O projeto FiareGz, na Galiza. Num artigo intitulado «O Proxecto Fiare: expectativas da banca ética en Galiza [2]», Raúl Asegurado Pérez, presidente da associação FiareGz (https://fiaregz.com [3]), apresenta os princípios e problemas da banca ética, em especial na Espanha e sobretudo na Galiza. Segundo ele, a banca ética abrange os projetos de intermediação financeira que oferecem os serviços bancários habituais a pessoas e organizações que querem ter em conta as consequências sociais da atividade de crédito em que é aplicado o seu dinheiro, e que exigem que a atividade se oriente exclusivamente para os projetos que contribuam para a regeneração das nossas sociedades. Vai pois muito mais além do que simplesmente não investir na indústria militar ou em atividades que prejudicam a biosfera, etc. Articula-se com outras manifestações de Economia Solidária, que buscam transformações na perspetiva da justiça. Ver: a revista da associação galega ADEGA: Cerna, n.º 66, inverno 2012, Travesa de Basquiños, n.º 9 baixo, 15704 Santiago de Compostela, cerna@adega.info, 0034981570099, www.adega.info

BIOECONOMIA PARA A EUROPA?
Fazer mais com menos, garantir abastecimento sustentável de recursos biológicos. A Comissão Europeia lançou um novo plano de estratégia e ação económica com o título «Inovar para o Crescimento Sustentável: uma Bioeconomia para a Europa [4]», sob a palavra de ordem capturada aos movimentos alternativos da contracultura dos anos 1960-70, «fazer mais com menos». Embora com algumas intenções proclamadas de sustentabilidade, pretendendo reconciliar a exigência de uma agricultura e pescas sustentáveis, a segurança alimentar e o uso sustentável de recursos biológicos para usos industrias com a garantia de biodiversidade e proteção ambiental, estaremos mais uma vez perante a ambígua tensão, tão frequente nestes documentos, entre as exigências da exploração industrial e do crescimento económico e as exigências ambientais, em que as primeiras continuam a maior parte das vezes a levar a melhor? Ver: jornal Commission en direct n.º 623, 17-02-2012 e https://bit.ly/EU_bioeconomy [5].

COMÉRCIO LOCAL SUSTENTÁVEL.
Em escala nunca vista, encerramento de espaços comerciais. O jornal Gazeta das Caldas [6], de 17 de fevereiro de 2012, sob o título «Para um comércio local sustentável [7]», descreve uma situação nunca antes vivida nas Caldas da Rainha, o encerramento em escala impressionante de numerosos espaços comerciais em todas as ruas e mesmo nos centros comerciais (em maior escala nos de pequena dimensão).
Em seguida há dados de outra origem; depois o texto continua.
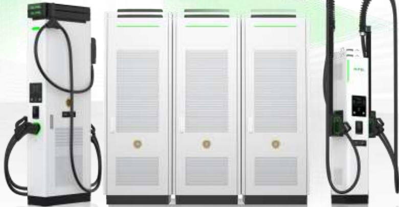
Unità di ricarica di distribuzione 120kW-1440kW

La serie MaxiCharger DC di nuova generazione offre la rete di ricarica intelligente one-stop, con innovazioni all'avanguardia basate sull'IA. Offre prestazioni affidabili grazie al design completamente modulare, alla tecnologia Eco-Cooling e al backup a caldo della rete a livello del sito. La compatibilità intelligente veicolo-caricatore-sito e la tecnologia di previsione della curva di ricarica consentono ai clienti di massimizzare il rendimento. Abbinato all'integrazione FV+ ESS e agli algoritmi di dispacciamento dell'energia, ottimizza il costo totale di proprietà (TCO) e aumenta i ricavi.
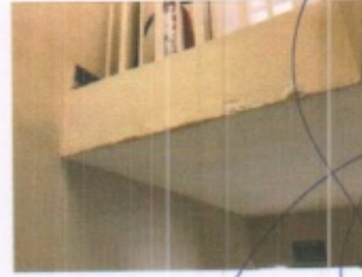
VISTA GENERAL DE CUBO DE ESCALERAS, SANITARIO PERSONAL IMSS Y DETALLE DE LOSA DE ENTREPISO PLANTA ALTA

FOLIO No. 0036/2017/SEPTIEMBRE/PCM-DRC-MLM-IMSS/GF
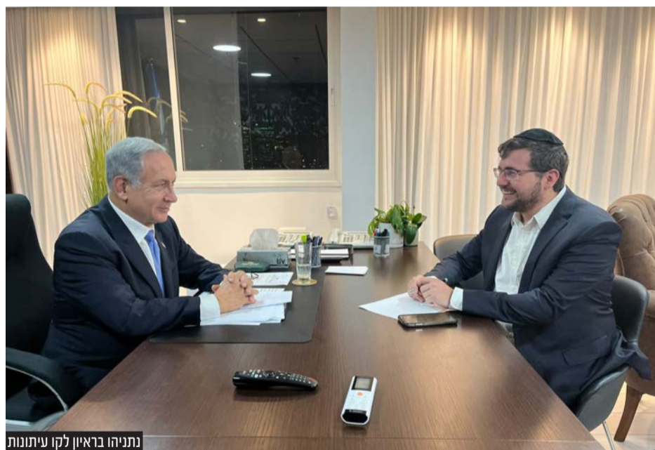
נתניהו בדאיון לקו עיתונות
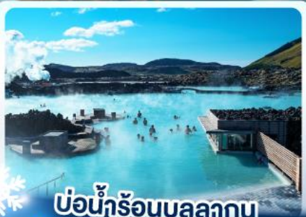
♨️ แช่น้ำร้อนบลูลากูน

เก็บไอซ์แลนด์ แดนภูเขาไฟคิร่าจูลา และ แช่น้ำร้อนบลูลากูน
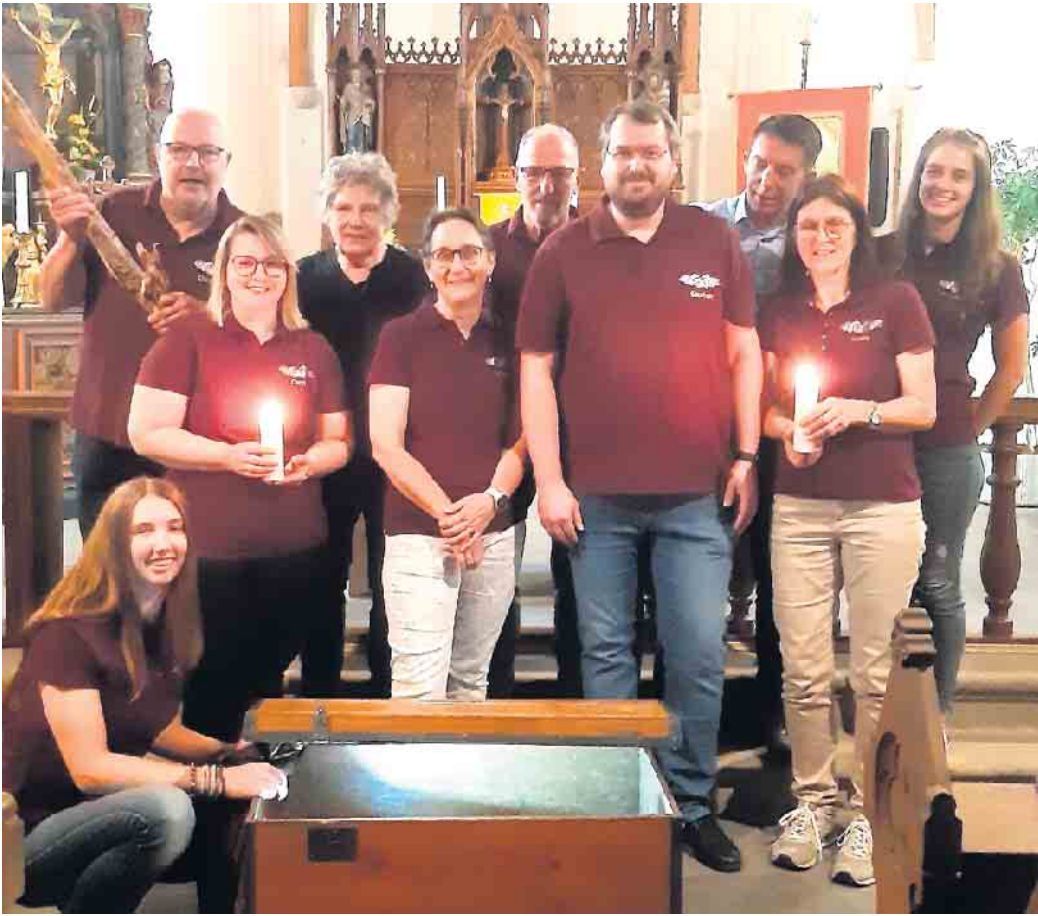
„Der Holz-Rudi“ oder „Die unheilige Wallfahrt“ heißt die Komödie die die Theaterbühne Zingsheim gleich sechsmal aufführen wird.

Die Vorführungen der Komödie „Der Holz-Rudi“ in drei Akten, aus der Feder von Ralf Kaspari, finden an den folgenden Terminen statt: Freitag, 24. Oktober, 19 Uhr, Samstag, 25. Oktober, 19 Uhr Sonntag, 26. Oktober, 16 Uhr ab 14 Uhr Kaffee und Waffeln Freitag, 31. Oktober, 19 Uhr, Samstag, 1. November, 19 Uhr Sonntag, 2. November, 16 Uhr ab 14 Uhr Kaffee und Kuchen
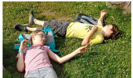
Ausruhen nach einer anderen Wanderung
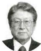
松尾福利厚生部会長
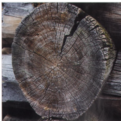
• Эти бревна проживут еще долго.

ТЕПЕРЬ ЖЕ Я ПОЗВОЛЮ СЕБЕ только напомнить то, что не следует забывать никогда и нигде, особенно в Коноше и Норенской.
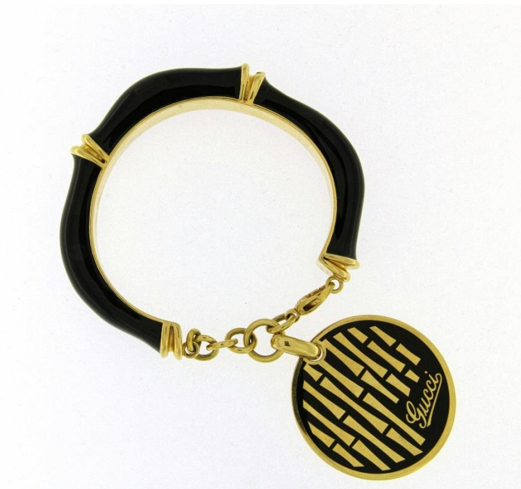
18k yellow gold and black enamel bracelet with charm by Gucci

Bracelet en or jaune 18 carats et émail noir par Gucci
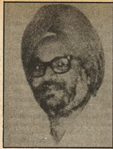
இந்திரா கொலையையும் சதீஷும் காரணமானவர்கள் என்கு இரண்டு சாட்டப்பட்ட பல்பீர் சிங், கேஹார் சிங் - ரூபாய்யான இரண்டு சாட்டப்பட்டவர்கள் என்கு பல்பீர் சிங் விடுவிக்கப்பட்டார், உச்ச நீதிமன்றத்தில் ஆதாரம்என்ற சூத்திரம் பட்டார் கேஹார் சிங்!

தியா, பாகிஸ்தான் ஆகிய இருநாடுகளுமே தமது உள்நாட்டு நெருக்கடிகளைத் திசைதிருப்பி விடுவதற்கான உத்திதான்! அதிலே ஒரு அங்கம்தான் அண்டை - அந்நியநாடுகளின் சதி என்ற கூச்சலும்!
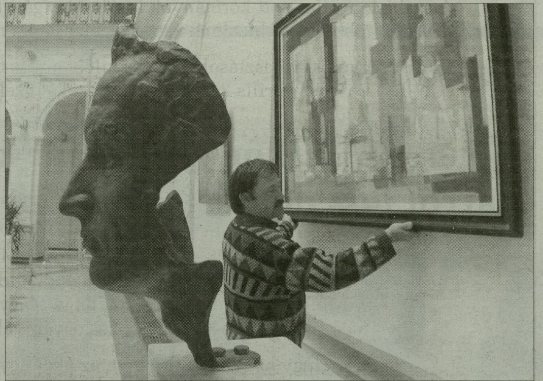
Az alkotók a Démász-székházban.
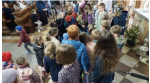
Kinder im Zentrum: bei den Familienmessen wimmelt es auch mal im Altarraum.
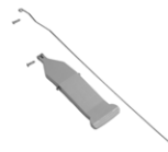
Kit pedale per portasacco Magic
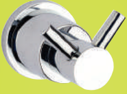
SR L 5000

1600 W 2 üfleme 3 sıcaklık ayarı, ılık hava özellği, duvar ünitesinde on/off düğmesi Traş prizi 110-120V ve 220-240V
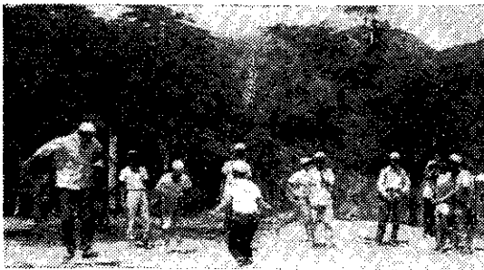
麻豆會員在知本溫泉露營歡歌載舞
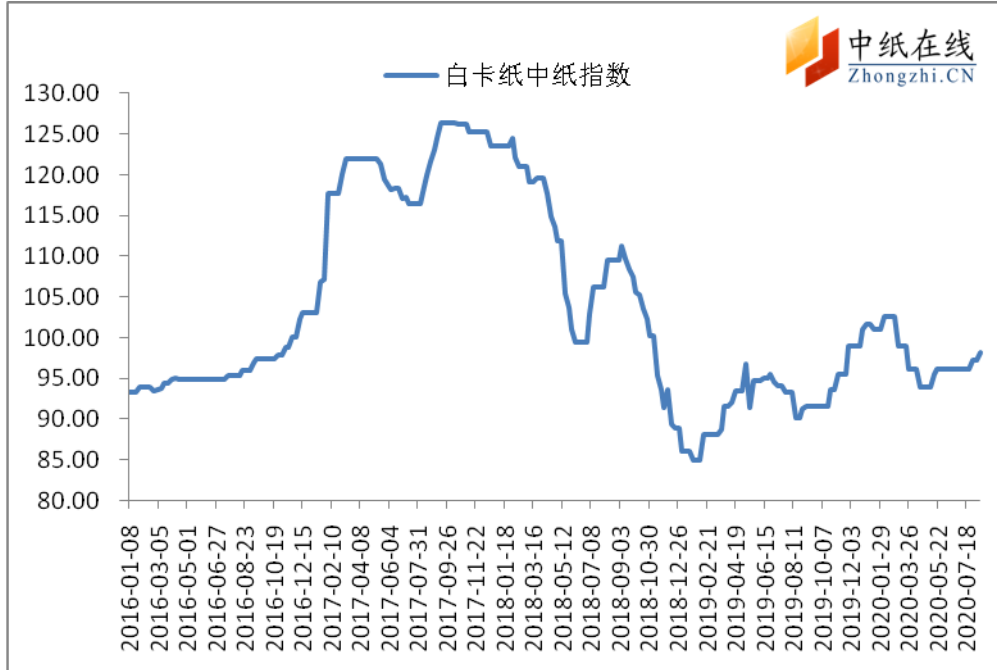
图1：白卡纸中纸指数走势图
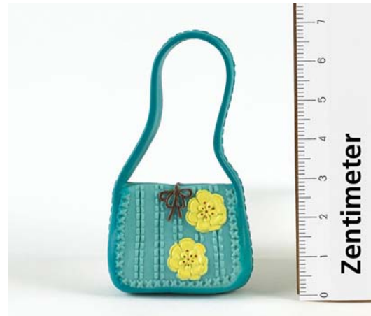
Umzutauschendes Teil: Handtasche

Mattel bietet Konsumenten einen kostenfreien Umtausch der betroffenen Einzelteile an. Hinweise zur Abwicklung des Umtausches für Konsumenten aus Deutschland, Österreich und der Schweiz finden Sie auf unserer Serviceseite unter www.Mattel.de/service .
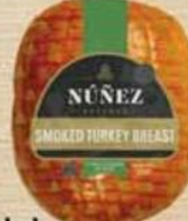
Smoked Turkey Breast Núñez Reserve Reg. $7.35 lb
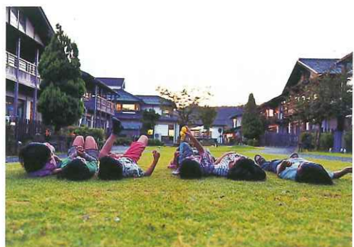
社会福祉法人 舞鶴学園 12月12日 児童養護施設見学Ⅱ
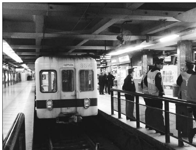
A pesar de la presencia policial, la huelga se garantizó con éxito

Resulta notable que una central que se reivindica alternativa y que pretende aglutinar a los nuevos sindicatos que surgen en la Argentina no intervenga en los
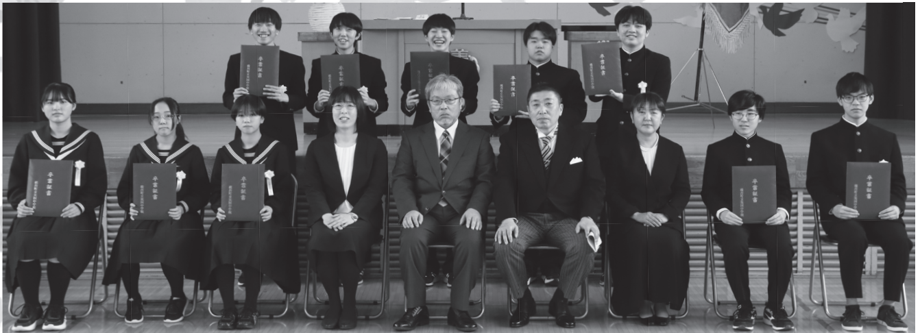
美国中学校 (卒業生 12名・3月15日)

町内小中学校で「卒業証書授与式」が行われ、各学校長から卒業証書が手渡されました。 新たなスタートラインに立つ卒業生の晴れやかな表情と、我が子の成長に目を潤ませる保護者の姿がありました。
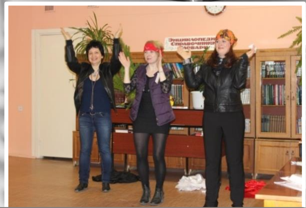
Юбилейный вечер в библиотеке. 40 лет – это возраст!!!
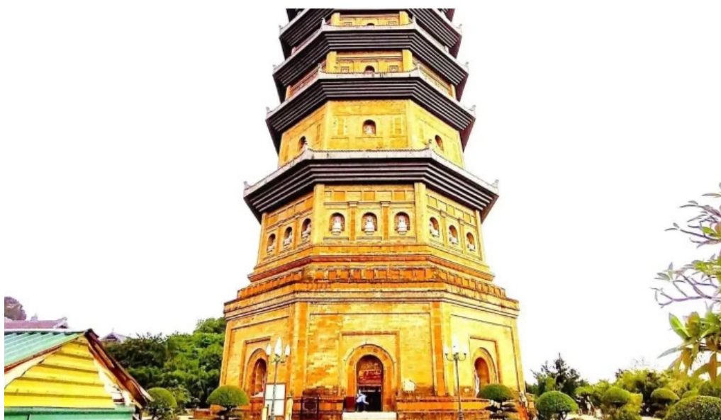
Tháp báo thiên tất cả
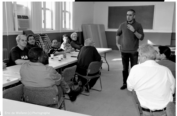
Eric de Wallens (c) Photographie

Après le dépouillement des votes, c'est Richard qui a remporté les élections. Bravo Richard !

O jornal passa então a dar pistas para que a região possa fazer jus ao título de autoproclamada capital do comércio tradicional, entre elas a revalorização do tradicional mercado da fruta, ou a venda direta praticada por algumas empresas, interrogando-se sobre o que se pode ali fazer para dinamizar a cidade comercial: propor alguns dos espaços encerrados a estudantes ou recém-formados da escola local de artes e design e a indústrias e artesanato ou mesmo instituições de solidariedade social que têm capacidade expositiva de produtos que chamam apreciadores nacionais e estrangeiros, etc. Ver: Gazeta das Caldas, 17 de fevereiro de 2012.

ALDEIA DA TERRA.
Artesanato, arte e invenção para atrair visitantes ao interior. Na Quinta das Canas Verdes, Estrada das Hortas 202, Arraiolos, no Alentejo, é possível visitar a Aldeia da Terra [8], uma espécie de Portugal dos Pequeninos em ponto muitíssimo mais pequeno já que se reproduz uma divertida aldeia feita de pequenas peças de barro modeladas por Tiago Cabeças e pintadas pela mulher, Magda Ventura, que disso fizeram obra de amor e modo de vida. Aberta ao público no verão 2011, a Aldeia foi já visitada por mais de 1500 pessoas. Ver: Notícias Magazine, 19 de fevereiro de 2012.